**Exercise objective:** Word for word, transcribe the listing that follows, minus any pictures.

Dataset START

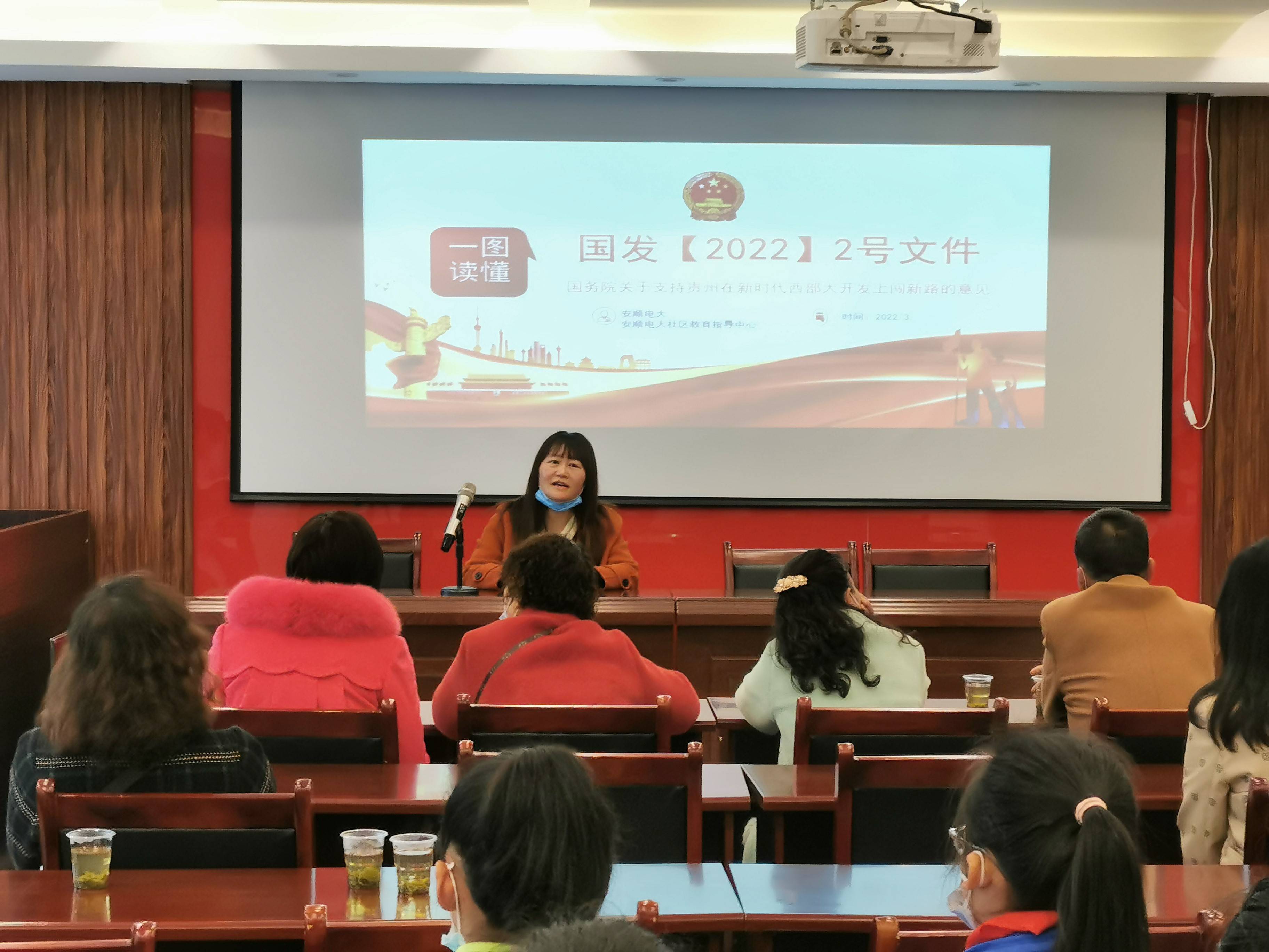 活动首先由安顺电大.安顺社区教育指导服务中心培训科科长伍婷宣传《国务院关于支持贵州在新时代西部大开发上闯新路的意见》(国发2号)文件精神。
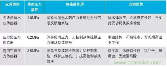 物联网及家电领域陶瓷电容压力传感器典型应用如下表所示:
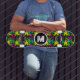 Dieses moderne Graffiti Paint Splash Personalisierte Monogram Name Skateboard zeichne Aufmerksamkeit und erlaubt Ihnen, Ihren individuellen Stil zu zeigen.
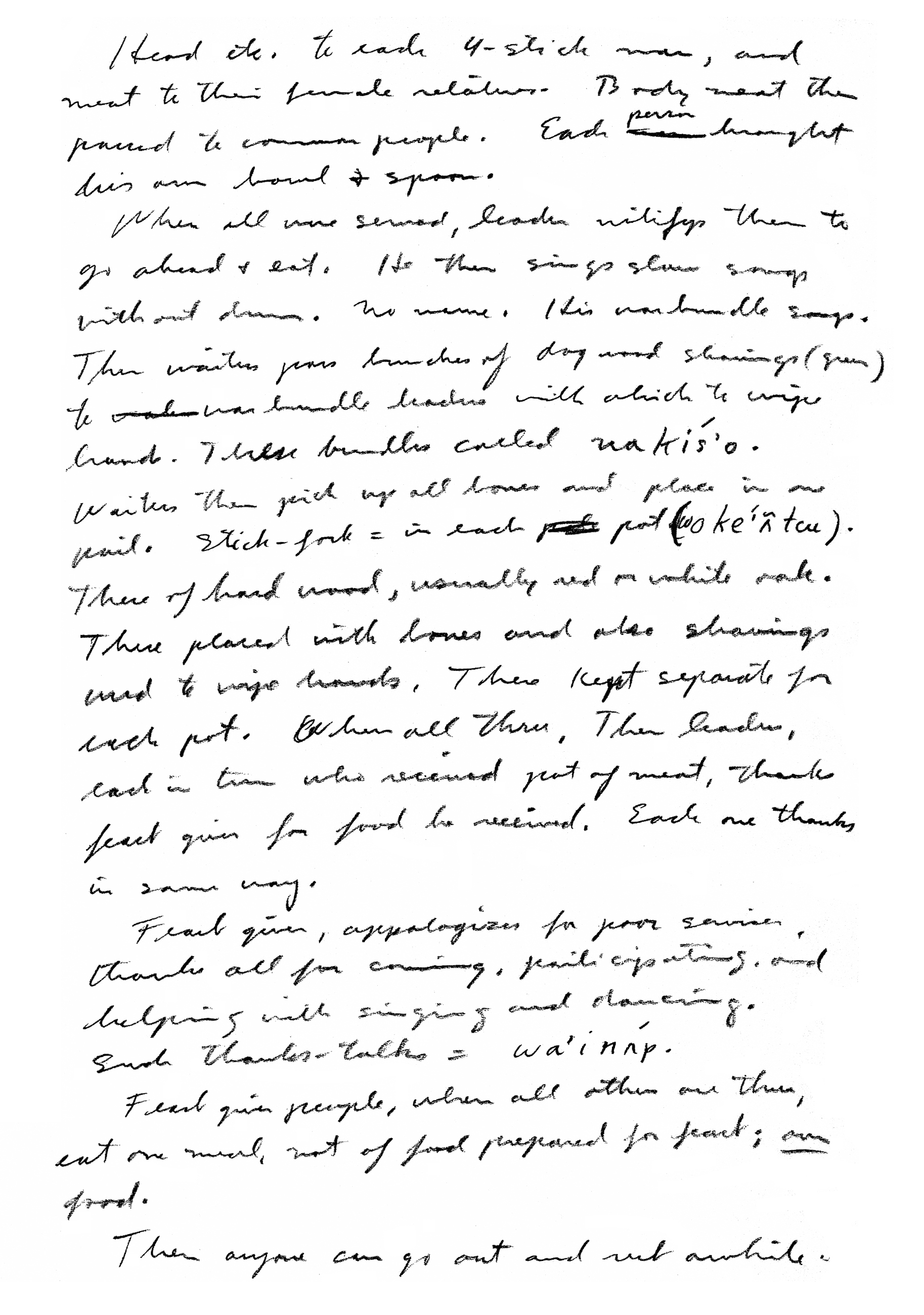 to town to get work, so that she could buy food for the meeting. So she found work in town. The money she saved until she should get enough for her purposes. Finally, she had enough. When she got home, she used a team for gathering wood to be used at the meeting. Everything was gotten ready. The tent was erected. Somebody was notified to lead the meeting. When all was ready, the people were assembled. They came over about noon and had both dinner and supper. She did all the work herself. When they were ready to enter the tent, the leader led them in. The leader asked her if she wanted to say something. She got up and said, "My brothers, you know that my father and mother were peyote people. One day I saw all the things that had not been used for a long time. I thought I would call a meeting so that they might be used again. So I have worked hard to get that which was necessary, and now all is ready. So I have called you. I have thought like this, I would notify you people, brothers and sisters. You know, my parents, when alive, treated me nice in every way. Since I was their only child. When I was grown, I married a man, and his treatment of me was like
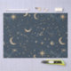 Faça uma viagem às estrelas com este papel de tecido da constelação celestial retrô antigo. Apresentando uma noite estrelada com luas, é o acessório perfeito para entusiastas do espaço e amantes de todas as coisas retrógradas. Ideal para presentes ou uso pessoal.
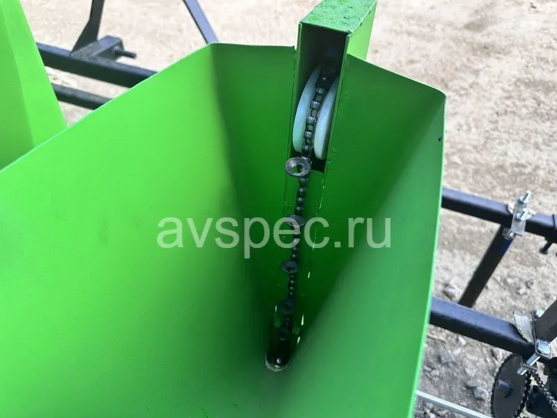 Для обеспечения стабильной работы на неровной почве применена двовальная система механизма дозирования с разделенным приводом. Шаг посадки в ряду: 110 мм, 125 мм, 140 мм, регулируется изменением передаточного числа на цепном редукторе. Для компенсации длины цепи использован натяжитель. Сошник и заделки регулируемые, глубина посадки 60-80 мм. Ширина междурядий регулируется в пределах 200–530 мм.

Dataset END

**Answer box:**
 活动首先由安顺电大.安顺社区教育指导服务中心培训科科长伍婷宣传《国务院关于支持贵州在新时代西部大开发上闯新路的意见》(国发2号)文件精神。
 物联网及家电领域陶瓷电容压力传感器典型应用如下表所示:
 Dieses moderne Graffiti Paint Splash Personalisierte Monogram Name Skateboard zeichne Aufmerksamkeit und erlaubt Ihnen, Ihren individuellen Stil zu zeigen.
 to town to get work, so that she could buy food for the meeting. So she found work in town. The money she saved until she should get enough for her purposes. Finally, she had enough. When she got home, she used a team for gathering wood to be used at the meeting. Everything was gotten ready. The tent was erected. Somebody was notified to lead the meeting. When all was ready, the people were assembled. They came over about noon and had both dinner and supper. She did all the work herself. When they were ready to enter the tent, the leader led them in. The leader asked her if she wanted to say something. She got up and said, "My brothers, you know that my father and mother were peyote people. One day I saw all the things that had not been used for a long time. I thought I would call a meeting so that they might be used again. So I have worked hard to get that which was necessary, and now all is ready. So I have called you. I have thought like this, I would notify you people, brothers and sisters. You know, my parents, when alive, treated me nice in every way. Since I was their only child. When I was grown, I married a man, and his treatment of me was like
 Faça uma viagem às estrelas com este papel de tecido da constelação celestial retrô antigo. Apresentando uma noite estrelada com luas, é o acessório perfeito para entusiastas do espaço e amantes de todas as coisas retrógradas. Ideal para presentes ou uso pessoal.
 Для обеспечения стабильной работы на неровной почве применена двовальная система механизма дозирования с разделенным приводом. Шаг посадки в ряду: 110 мм, 125 мм, 140 мм, регулируется изменением передаточного числа на цепном редукторе. Для компенсации длины цепи использован натяжитель. Сошник и заделки регулируемые, глубина посадки 60-80 мм. Ширина междурядий регулируется в пределах 200–530 мм.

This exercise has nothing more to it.